Я участвую в жизни Хьюго и огорчаюсь за него, как за ребенка. Это происходит оттого, что я очень люблю его. Мне бы хотелось, чтобы он был лет на десять старше.

В прошлый раз Генри спросил меня:

— Я оказался не таким грубым, не таким страстным, как ты ожидала? Мое творчество давало тебе повод ожидать большего?

Я очень удивлена и напоминаю слова, которые написала после нашей встречи: «Нагромождение слов распалось, литература отошла на второй план». Этим я хотела сказать, что наступила пора для настоящих чувств, что напряженная чувственность его романов — одно, а то, что мы переживаем вместе, — совсем другое, реальное.

Даже у Генри, в чьей жизни было множество приключений, в общем-то, нет доверия.

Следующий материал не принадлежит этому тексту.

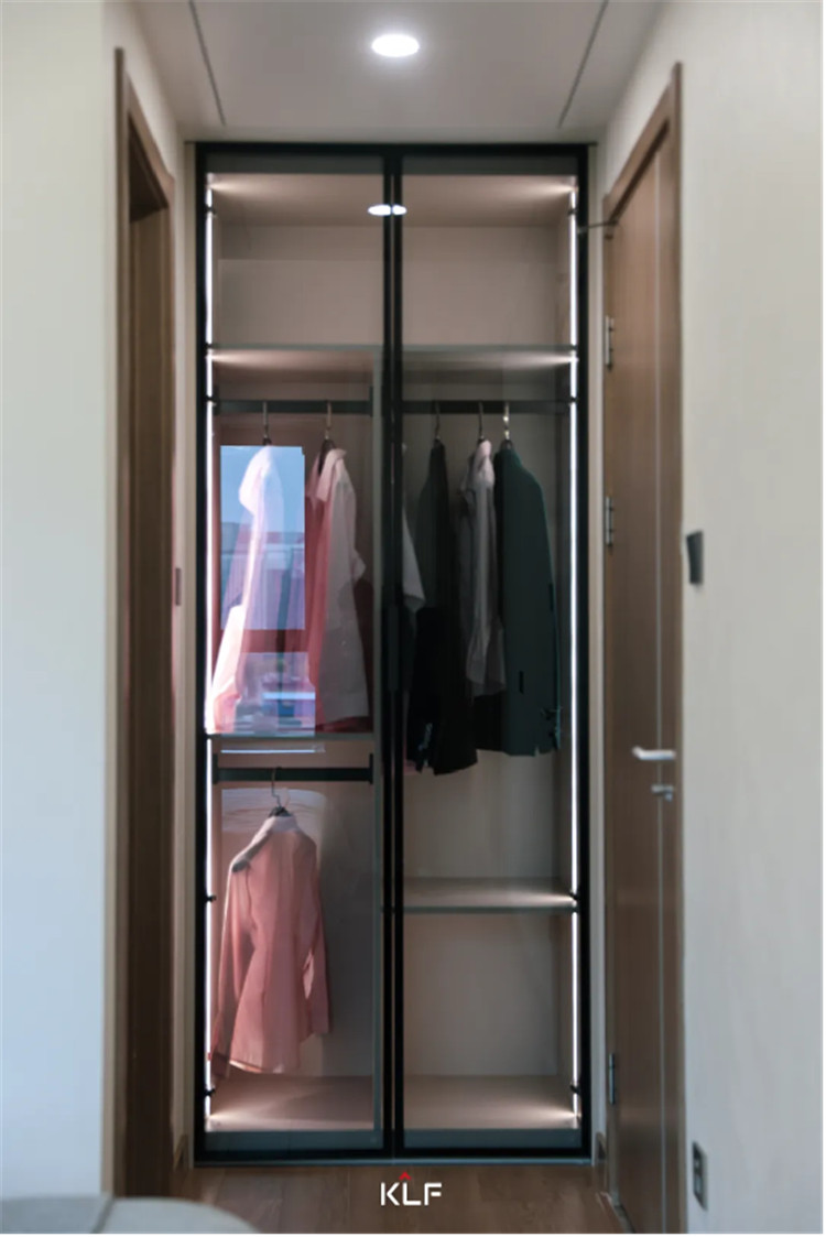 纷杂的色号与简括的整体衣柜总体目标,一柜到顶式充满活力储物柜才可、半铣型把手简练常用,此中跳色粉套格总体目标既非常时尚又掌握一定设计,为温情的室内空间带去一抹的兴趣。
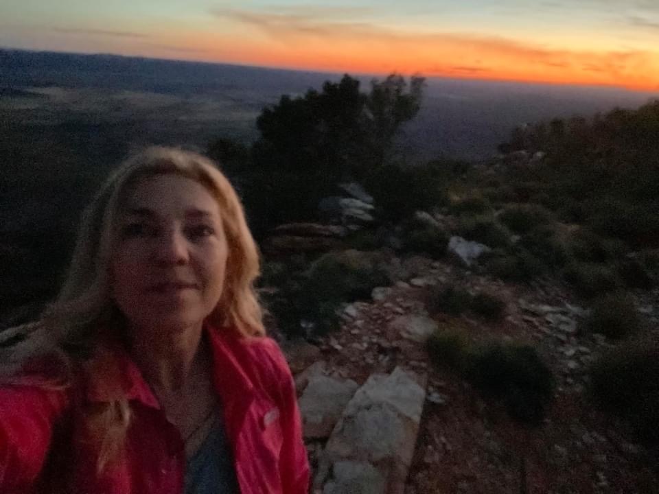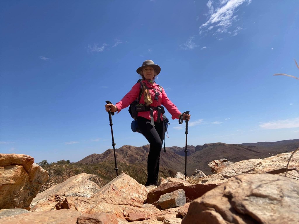 I was only 5km from Standley Chasm but it was slow going with steep ups and downs over rocky ground. Sometimes the terrain on the Larapinta is so taxing you can only cover 1km in one hour. This and the idea of falling keeps you very present!I arrived at Standley Chasm late morning where I knew there was a cafe and the famous cheese burgers I’d read about. I ordered one and a cappuccino and then stupidly realised I still felt nauseous so picked at the burger. I would dream of that half eaten burger in days to follow. I sat next to a long table of Aboriginal ladies and University students who were having a farewell lunch and exchanging gifts. It was very touching to watch. But I was disappointed that I still could not see any hikers. Then suddenly I noticed a man enter who looked like he’d been walking. I went over and before I could catch myself I felt a rush of emotion and promptly burst into tears. He kindly invited me to sit with him. I noticed his wedding band and told him I was missing my husband, I was feeling lonely and there were no hikers walking in my direction. He was going in the opposite direction and assured me he’d passed quite a few ahead. I was so grateful for that encounter with Simon (who happened to own the hiking store in Alice Springs) which allowed me to let go some desperate tears and go on bravely. I was undecided whether to camp at Standley and enjoy a shower and more food or keep going for a steep four-hour climb to Larapinta landmark, Brinkley Bluff (at almost 1200 metres) before sunset. From this high point I knew I could access a bar of Optus reception to make contact with home. I quickly accessed my first food drop supplies. My yearning led me on into the afternoon.

Вовсе неудивительно, что и Эдуардо, и мне трагически его не хватает. То было хрупкое доверие, которое мы вырастили в последнюю нашу встречу, пытаясь исправить зло, которое невольно причинили друг другу, изменить ход нашей странной судьбы. Мы легли в постель только потому, что должны были так сделать с самого начала.

Моя подруга Наташа ругает меня на чем свет стоит за идиотское отношение к жизни. «Что еще за шторы для Генри? Какие туфли для Джун? А как же ты сама, как же ты?» — все время спрашивает она. Она не понимает, как я испорчена, как избалована. Генри подарил мне целый мир. Джун поделилась своим безумием. Господи, как я благодарна тебе за то, что на свете есть два существа, которых я могу любить, которые необыкновенно щедры ко мне, хотя и не могу объяснить Наташе, в чем заключается эта щедрость! Разве она поймет, если сказать, что Генри отдал мне свои акварельные краски, а Джун подарила свой единственный браслет? И даже больше.

В «Викинге» я, старательно подбирая слова, осторожно объясняю Эдуардо, что нам не следует больше встречаться, что наш общий опыт не может длиться долго и что это стало бы возвращением в прошлое. Все было очень хорошо, но мы не две противоположности.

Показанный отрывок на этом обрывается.